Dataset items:
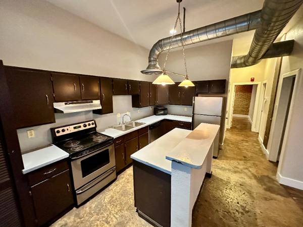 Corner Beautiful Loft in a boutique style historic building with a gated covered parking lot. Featuring: - Open floor plan with lots of light. -12' High ceilings -stained concrete floors -Stackable W/D connection -Private covered patio -Contemporary Italian Glass Lavatories -Oversized shower with tempered glass doors -Modern dark wood cabinetry -Barcelona concrete counter tops -Stainless steel refrigerator and Dishwasher. -Gated parking lot. *Centrally located two blocks from UTSA downtown campus with immediate access to IH35, IH10, H281 and H90. Please, call us to schedule your tour! This loft will not last since this property only has 10 lofts and they are always rented.
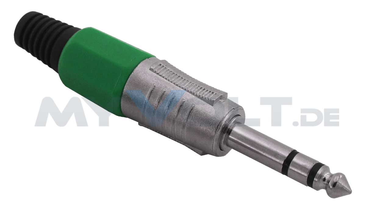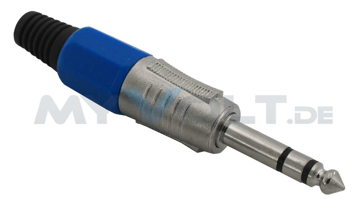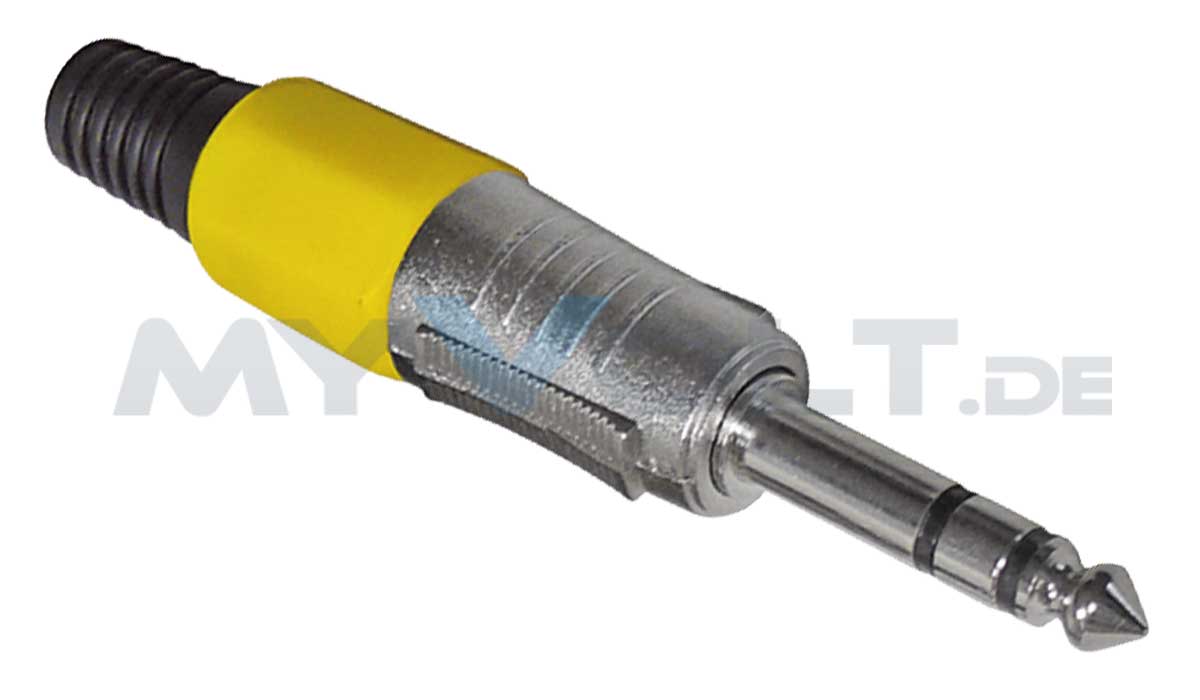 Professioneller Klinkenstecker 6,3 mm Stereo in blau, rot, grün, gelb oder schwarz erhältlich. Der Stecker besitzt eine stabile Metallgriffhülse und ist mit Knickschutz und robuster Zugentlastung ausgestattet.
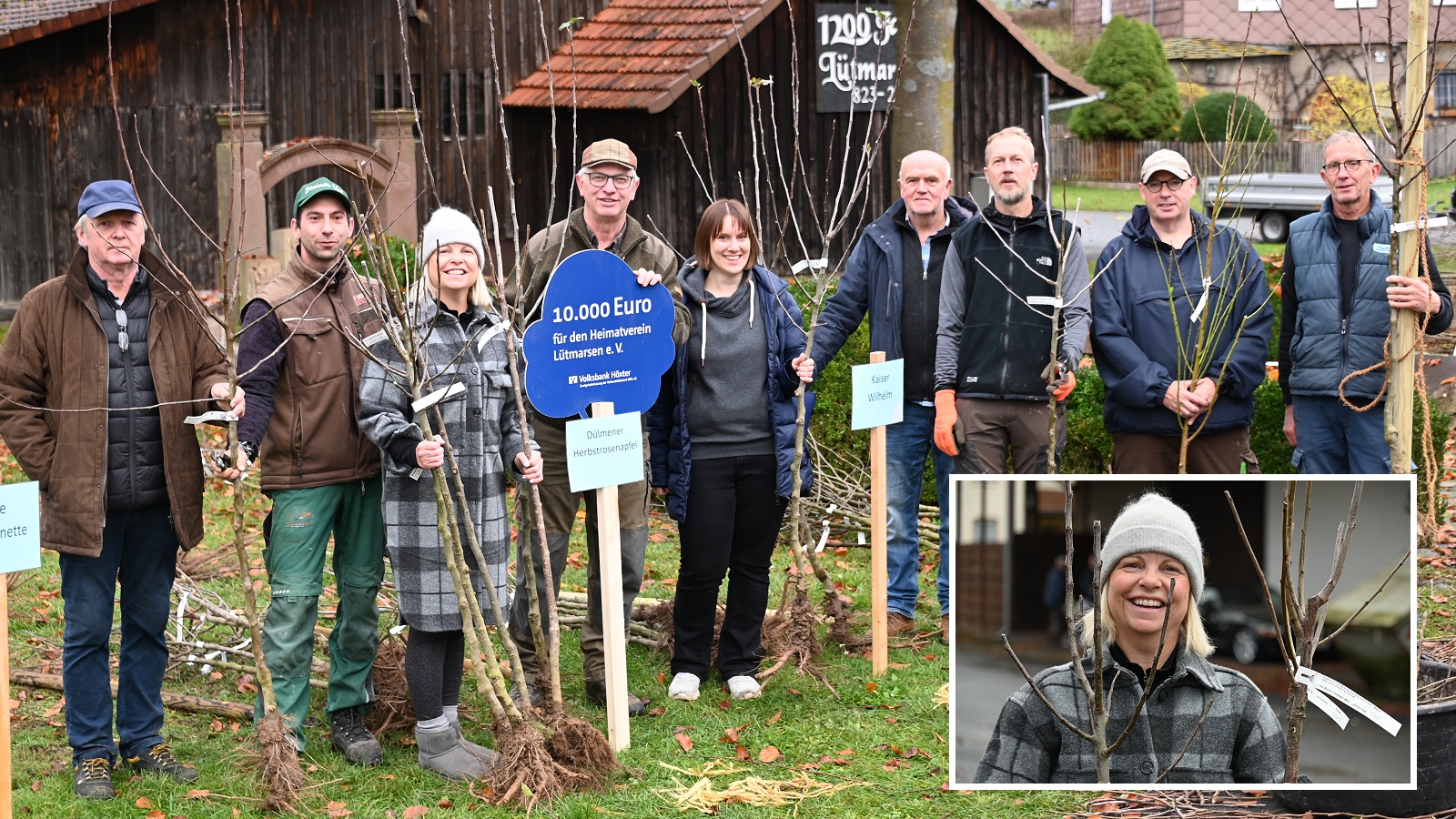 Viele Lütmarser hatten bereits vor der Abholung die Pflanzlöcher vorbereitet, so auch Susi Beineke, die vier Bäume in Empfang nahm. Nach dem Abriss zweier Gewächshäuser und den Tornadoschäden hat sie nun viel Platz für Neues. „Meine Oma, eine leidenschaftliche Gartenfreundin wie wir auch, freut sich sehr über die neuen Bäume“, erzählt Beineke. Sie pflanzt zweimal Apfel, einmal Kirsche und einmal Birne, ein Schritt, um das wiederherzustellen, was der Tornado zerstört hat. Der Heimatverein betont den nachhaltigen Gedanken hinter der Aktion: „Wir möchten nicht nur das Ortsbild verschönern, sondern auch etwas für Natur, Artenvielfalt und zukünftige Generationen schaffen“, so Sagel. Eine Baumpflanzaktion dieser Größenordnung habe es im Kreis Höxter bislang nicht gegeben. „Dass an nur einem Tag in einem einzigen Dorf fast 200 Obstbäume auf Privatflächen gepflanzt werden, ist außergewöhnlich“, heßt es von Martin Sagel. Ein Restbetrag aus der Spendensumme steht noch zur Verfügung. Damit soll im kommenden Jahr in Absprache mit der Stadt Höxter eine neue Streuobstwiese entstehen zwischen Lütmarsen und Ovenhausen.
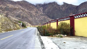 网友“旅行A计划”发布视频称,金沙江大湾观景台附近的214国道旁修了围墙 视频截图
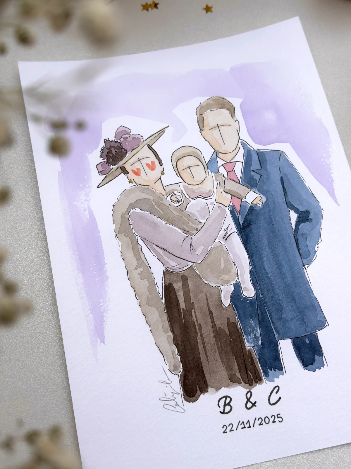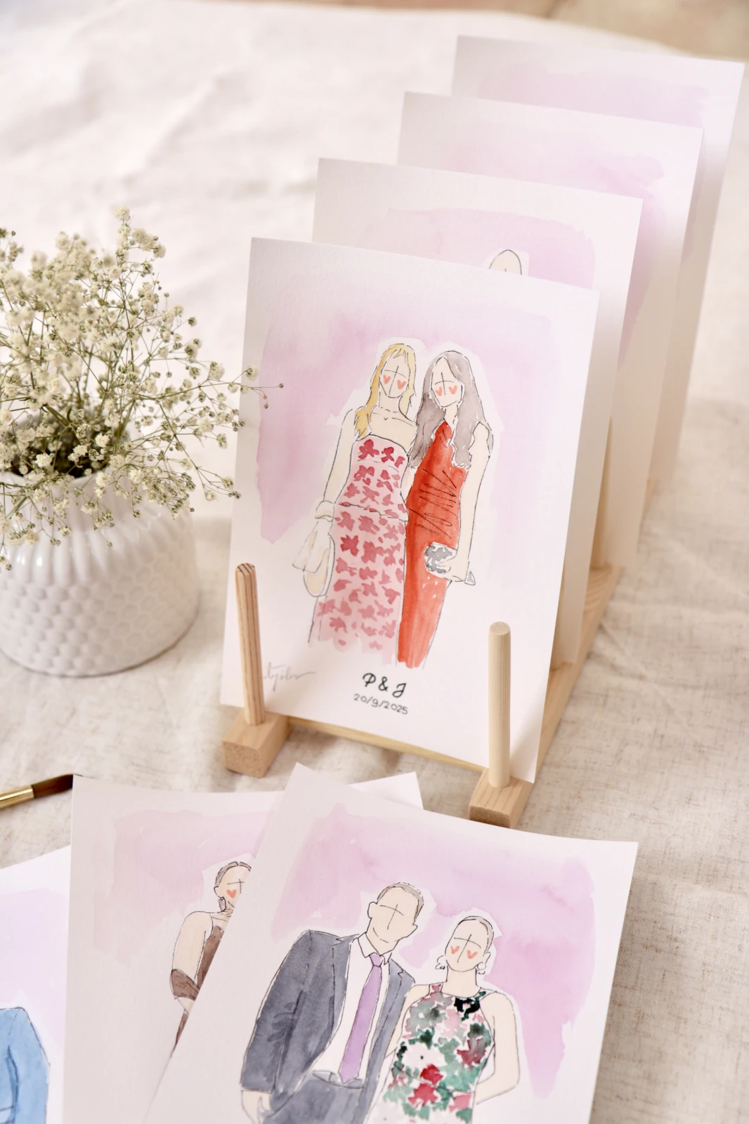 ¿Te imaginas regalar a tus invitados un recuerdo mágico, hecho a mano y completamente personalizado? En tan solo unos minutos, capturo la esencia y el look de este gran día pintando a vuestros invitados en acuarela, con un estilo delicado, artístico y original. Me instalo en un rincón bonito y bien iluminado del lugar de la celebración, creando un pequeño estudio artístico que forma parte del encanto del evento. A lo largo de la jornada, realizo retratos en acuarela de los invitados —de forma individual, en pareja o en familia.
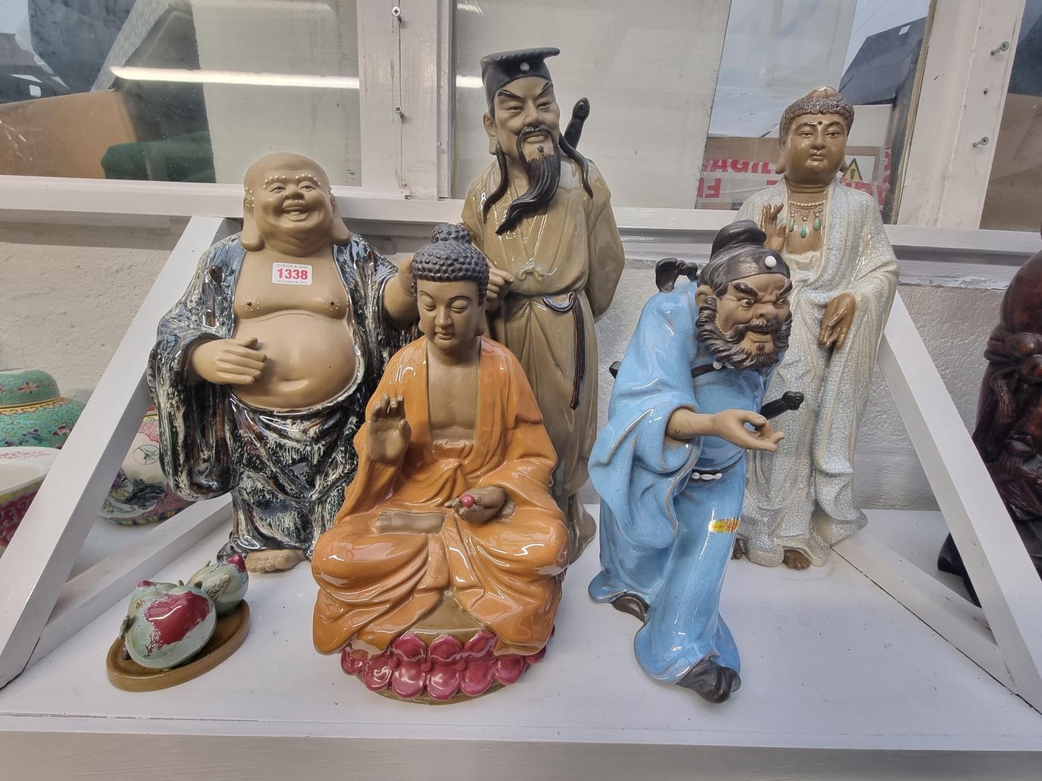 Five large Chinese Shiwan figures, largest 45cm high.
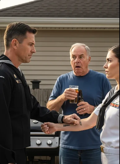 I had arrived straight from a formal ceremony in Washington, still wearing my Navy dress whites because I hadn’t had the energy—or the patience—to change. The uniform stood out awkwardly at a casual barbecue, but exhaustion overruled self-consciousness. Sunlight reflected off the insignia on my chest, catching more attention than I intended.
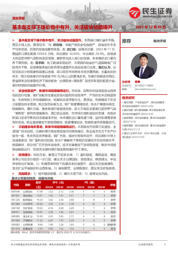 民生证券:煤炭周报:基本面支撑下煤价稳中有升,关注板块估值提升.pdf
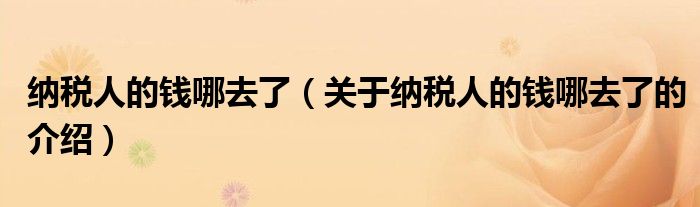 大家好,小安来为大家解答以上的问题。纳税人的钱哪去了,关于纳税人的钱哪去了的介绍很多人还不知道,现在让我们一起来看看吧!
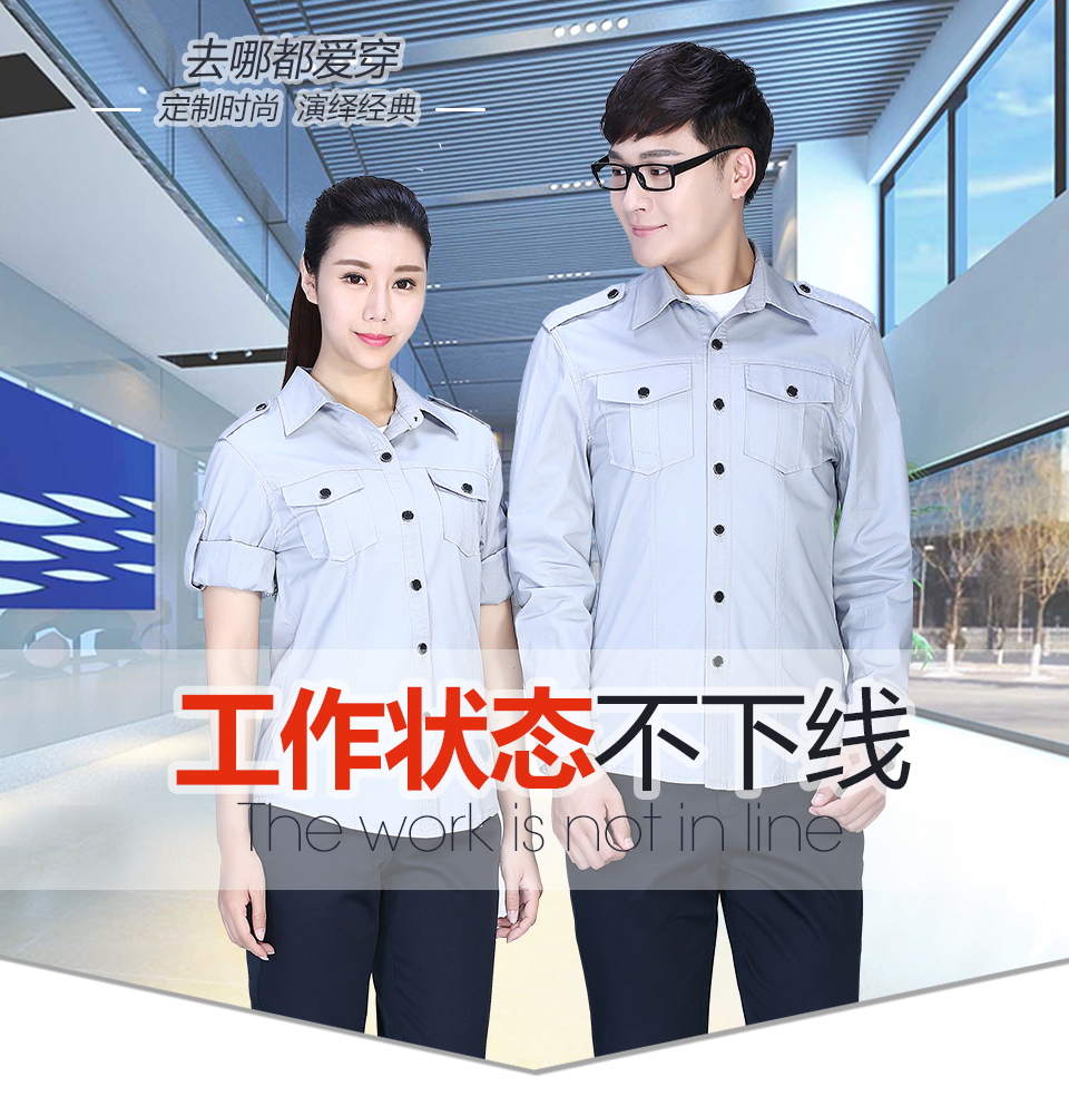 - 標簽:休閑合體夏季滌棉細斜短袖工作服FY608
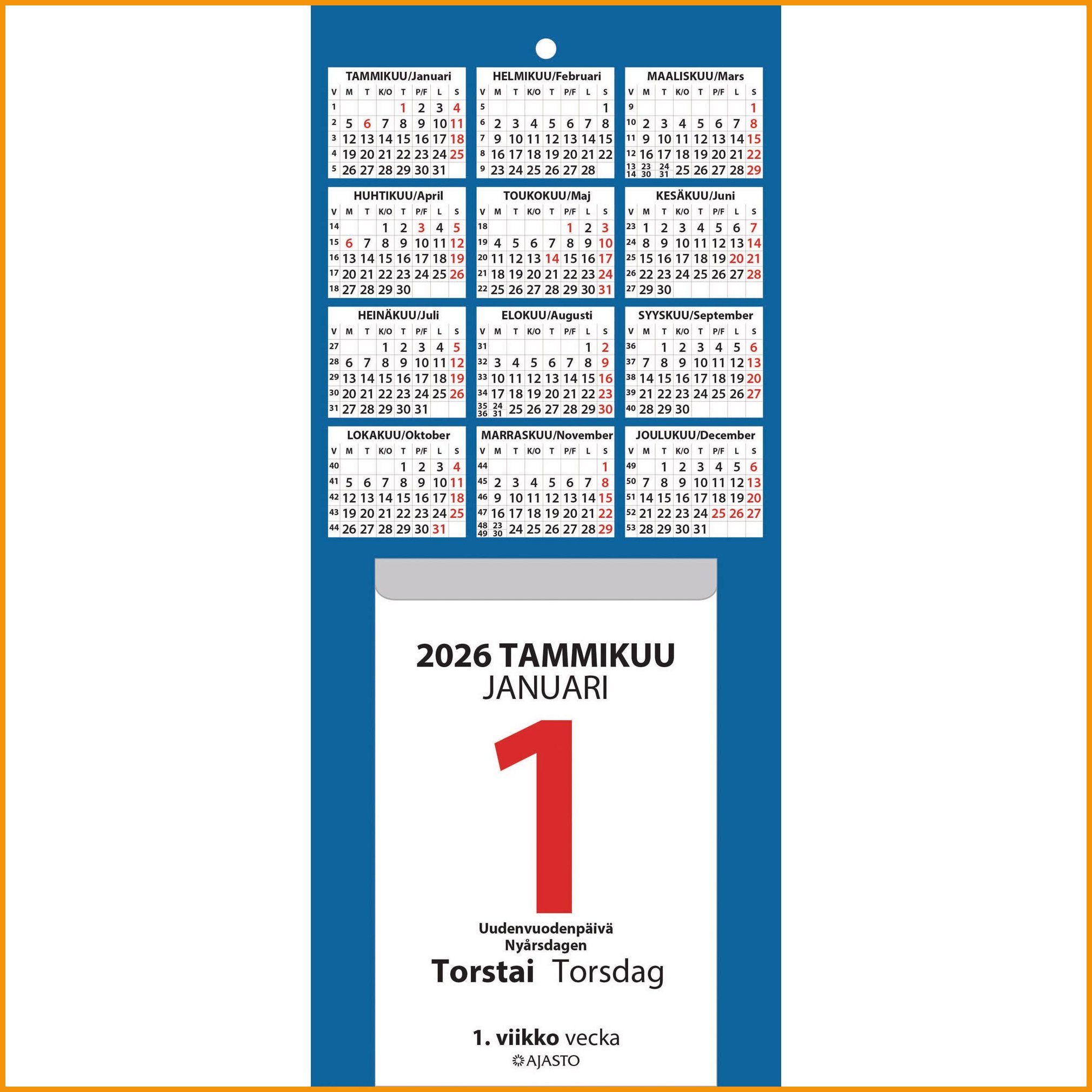 Seinäkalenteri 2026 Ajasto päivälehtiö 83 x 128mm tuotetiedot
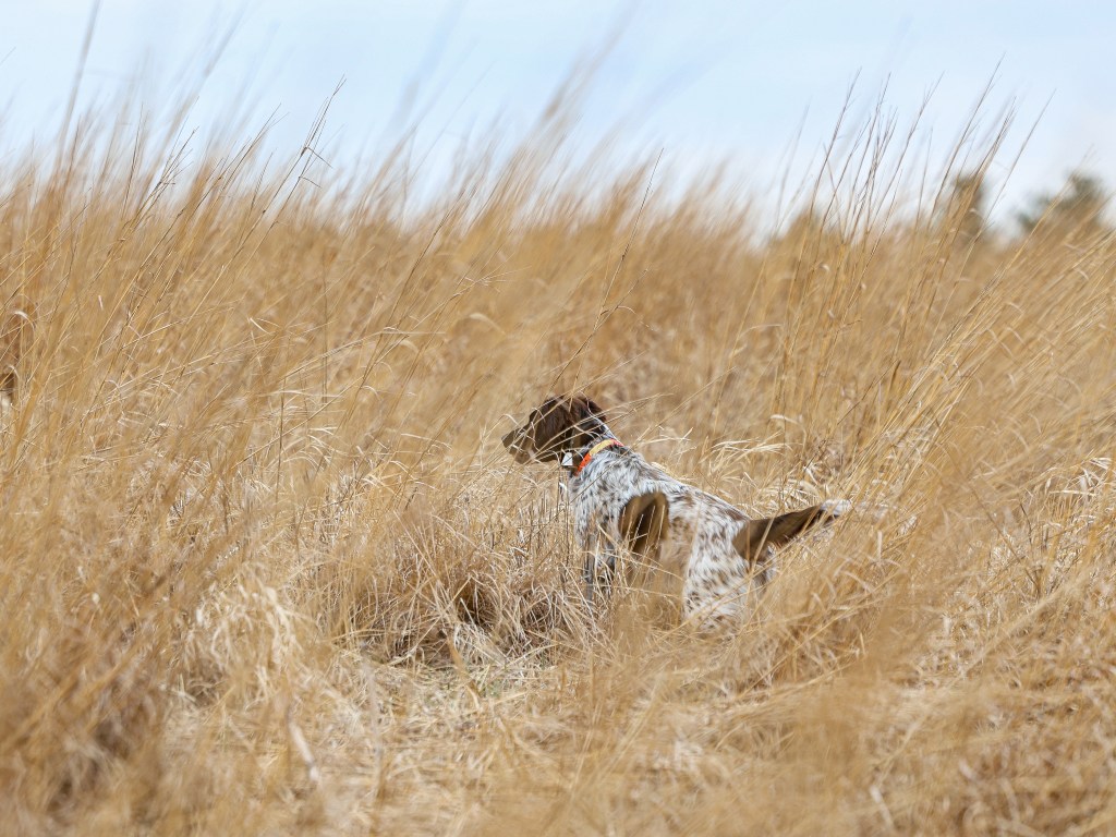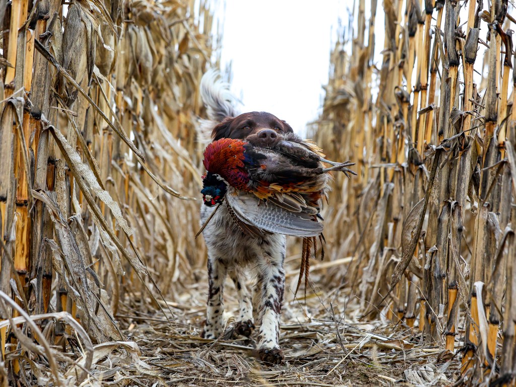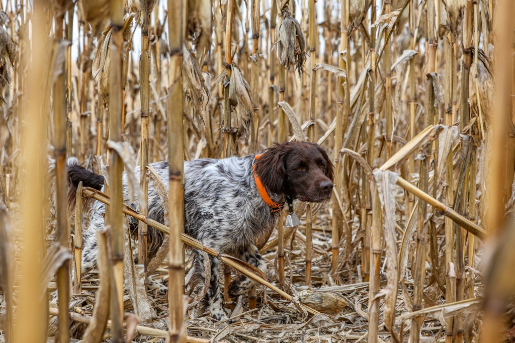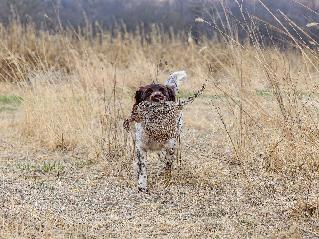 While hunting, Beaker, is a very cooperative dog with lots of drive and determination. Beaker covers ground effortlessly and has a stunning point when he enters the scent cone and locates game. He has hunted various specious such as; pheasants, sharptail, ruffed grouse, woodcock, chukar, ducks, and rabbits. Beaker is “laut” on furred game. This means that he will bark on a rabbit track or when blood tracking a deer. His tracking capabilities and locating of down game is exceptional. Beaker has retrieved all shot game for Chris and has not yet lost any game. This is one of the great qualities that is well known for the Small Munsterlander breed.
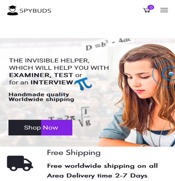Homepage of Spybuds: the website sells discreet earpieces which are advertised for the purpose of cheating.

(What you need to do)
Please return only the lines from the one holding "大家好,小安来为大家解答以上" through the end of the data, both ends included; do not copy any pictures.

(Task solution)
 大家好,小安来为大家解答以上的问题。纳税人的钱哪去了,关于纳税人的钱哪去了的介绍很多人还不知道,现在让我们一起来看看吧!
 - 標簽:休閑合體夏季滌棉細斜短袖工作服FY608
 Seinäkalenteri 2026 Ajasto päivälehtiö 83 x 128mm tuotetiedot
 While hunting, Beaker, is a very cooperative dog with lots of drive and determination. Beaker covers ground effortlessly and has a stunning point when he enters the scent cone and locates game. He has hunted various specious such as; pheasants, sharptail, ruffed grouse, woodcock, chukar, ducks, and rabbits. Beaker is “laut” on furred game. This means that he will bark on a rabbit track or when blood tracking a deer. His tracking capabilities and locating of down game is exceptional. Beaker has retrieved all shot game for Chris and has not yet lost any game. This is one of the great qualities that is well known for the Small Munsterlander breed.
Homepage of Spybuds: the website sells discreet earpieces which are advertised for the purpose of cheating.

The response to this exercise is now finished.